Fünfzig Minuten später schlenderte Eve in Richtung ihres winzigen Büros auf der Hauptwache der New Yorker Polizei. Sie sah aus wie eine Polizistin - nicht nur wegen des umgehängten Waffenhalfters, der ausgelatschten Stiefel und der verblichenen Jeans, sondern vor allem wegen ihres Blicks, eines Blicks, dem nur selten etwas verborgen blieb. Ihre Augen hatten die Farbe alten Whiskeys und blinzelten nur selten. Ihr Gesicht war kantig, mit vorstehenden Wangenknochen, einem überraschend vollen Mund und einem kleinen Grübchen mitten auf dem Kinn.

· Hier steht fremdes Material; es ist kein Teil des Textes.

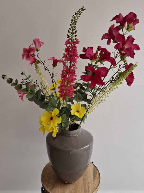 De bloemen stralen in een taupekleurige vaas, die het boeket een moderne en stijlvolle uitstraling geeft.

Sie hatte einen langgliedrigen, weichen Gang - denn jetzt hatte sie Zeit. Zufrieden mit dem erfolgreichen Abschluss des Verhörs fuhr sie sich mit den Fingern durch die kurz geschnittenen Haare und nahm hinter ihrem Schreibtisch Platz.

Sie würde den Bericht erstellen, Kopien an die zuständigen Stellen schicken und dann endlich Feierabend machen. Es hatte sie noch nie gestört, dass durch das streifige, schmale Fenster hinter ihrem Rücken um diese Zeit des Tages unablässig das Rumpeln der altersschwachen Lufttaxis und das Rattern der Hubschrauber der Verkehrswacht an ihre Ohren drang. Schließlich waren diese Geräusche typisch für New York.

»Computer an«, befahl sie und zischte, als der Bildschirm schwarz blieb. »Verdammt, fang nicht schon wieder damit an. Computer an. Geh endlich an, du Drecksding.«

»Sie müssen Ihre persönliche Zugangsnummer eingeben«, erklärte Peabody, die gerade durch die Tür kam.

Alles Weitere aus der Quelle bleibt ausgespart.